Tijdens de mondelinge behandeling op 9 september 2022 werd duidelijk dat de kantonrechter in een eerdere verzoekschriftprocedure tussen dezelfde partijen al had beslist over de vorderingen van de werknemer. De kantonrechter oordeelde dat de werknemer geen belang had bij de kort geding procedure, omdat de vorderingen al waren beoordeeld in de verzoekschriftprocedure. De kantonrechter wees daarom de vorderingen van de werknemer af en bepaalde dat iedere partij zijn eigen proceskosten moest dragen, aangezien geen van beide partijen in overwegende mate in het ongelijk was gesteld in de verzoekschriftprocedure.

De uitspraak benadrukt het belang van de rechtszekerheid en de effectiviteit van eerdere rechterlijke beslissingen. De werknemer had geen nieuwe feiten of omstandigheden aangevoerd die een andere uitkomst rechtvaardigden, waardoor de kantonrechter tot de conclusie kwam dat de vorderingen in het kort geding niet ontvankelijk waren.

Uitspraak

RECHTBANK ROTTERDAM

locatie Rotterdam
zaaknummer: 9972625 VV EXPL 22-251
datum uitspraak: 30 september 2022
Vonnis in kort geding van de kantonrechter
in de zaak van
[eiseres],
wonende te [woonplaats eiseres] ,
eiseres,
gemachtigde: mr.
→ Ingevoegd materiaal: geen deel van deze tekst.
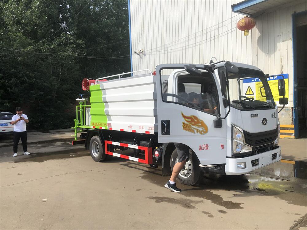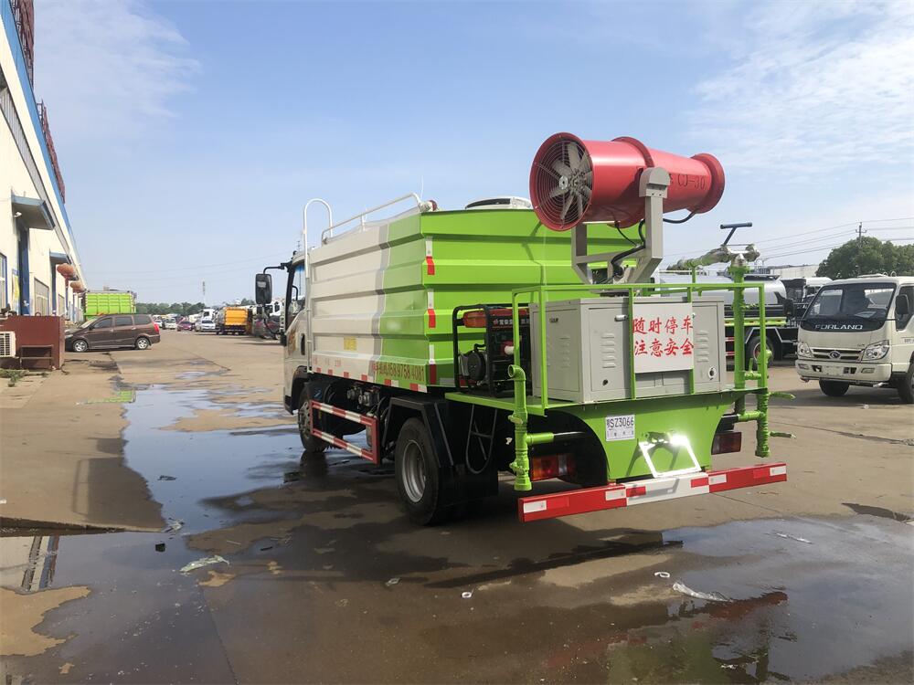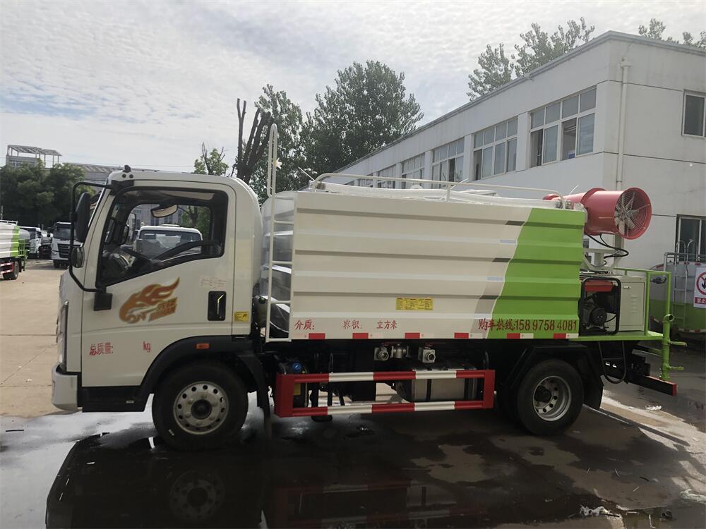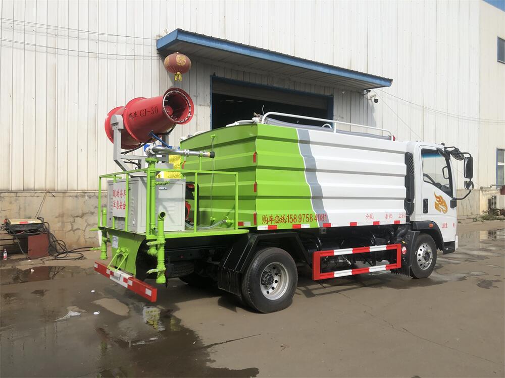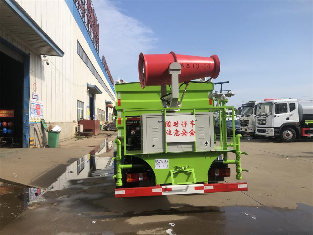上裝配置:罐體容積為 5-7立方,選配風(fēng)送式霧炮機(jī)組射程30米、40米、50米、60米、80米、100米、120米霧炮,罐體鋼板為4mm碳鋼Q235材質(zhì),罐內(nèi)隔板具有防波作用,以減輕汽車行駛時罐體液體沖擊,罐體及整車外形尺寸按照公告。帶大功率專用灑水泵,泵可自吸自排,整車前沖、后灑、側(cè)噴、帶65消防接口,后平臺配CLW-50、CLW-60、CLW-80、CLW-100、CLW-120型風(fēng)送式霧炮機(jī)組;罐體前封頭配大功率柴油發(fā)電機(jī)組;前封頭帶水位計,后平臺主管路帶1寸澆花接口,后爬梯。帶兩根輸水管及陰陽端。罐體顏色:銀/灰/綠,罐體兩側(cè)噴“多功能抑塵車”字樣,貼反光標(biāo)示。

E.V.H. van Tricht, advocaat te Middelharnis,
tegen
[gedaagde],
gevestigd te [vestigingsplaats gedaagde] ,
gedaagde,
gemachtigde: mr. N. Robijn-Meijer en mr. S.T. van Gestel, advocaten te Middelharnis.
Partijen worden hierna ‘ [eiseres] ’ en ‘ [gedaagde] ’ genoemd.

1..De procedure

1.1.
Het dossier bestaat uit de volgende processtukken:
  • de dagvaarding van 18 juli 2022, met producties;
  • de e-mail van 1 september 2022 aan de zijde van [gedaagde] , met productie;
  • de spreekaantekeningen van mr. N. Robijn-Meijer en mr. S.T. van Gestel;
  • het werkplan van het UWV, dat ter zitting door mr. E.V.H. van Tricht is overgelegd.
1.2.
Op 9 september 2022 is de zaak tijdens een mondelinge behandeling met partijen besproken. Tijdens deze mondelinge behandeling heeft gelijktijdig, maar niet gevoegd, de behandeling plaatsgevonden van de verzoekschriftprocedure tussen partijen met zaaknummer 10002174 VZ VERZ 22-9593. Daarbij waren aanwezig [eiseres] in persoon, tezamen met [naam 1] (tolk) en bijgestaan door de gemachtigde mr. E.V.H. van Tricht. Namens [gedaagde] zijn verschenen [naam 2] (directeur) en [naam 3] (directeur), bijgestaan door de gemachtigden mr. N. Robijn-Meijer en mr. S.T. van Gestel. Van hetgeen ter zitting is besproken, heeft de griffier aantekeningen gemaakt.

2..De feiten

2.1.
[eiseres] , geboren op [geboortedatum eiseres] , is op 18 juli 2014 voor 24 uur per week in dienst getreden van [gedaagde] in de functie van medewerker inpak A. Laatstelijk is [eiseres] werkzaam op basis van een arbeidsovereenkomst voor onbepaalde tijd tegen een bruto maandsalaris van € 1.574,56, exclusief 8% vakantietoeslag.
2.2.
[gedaagde] is een familiebedrijf dat zich bezig houdt met de vervaardiging van beschuit, koekjes en ander houdbaar banketbakkerswerk.
2.3.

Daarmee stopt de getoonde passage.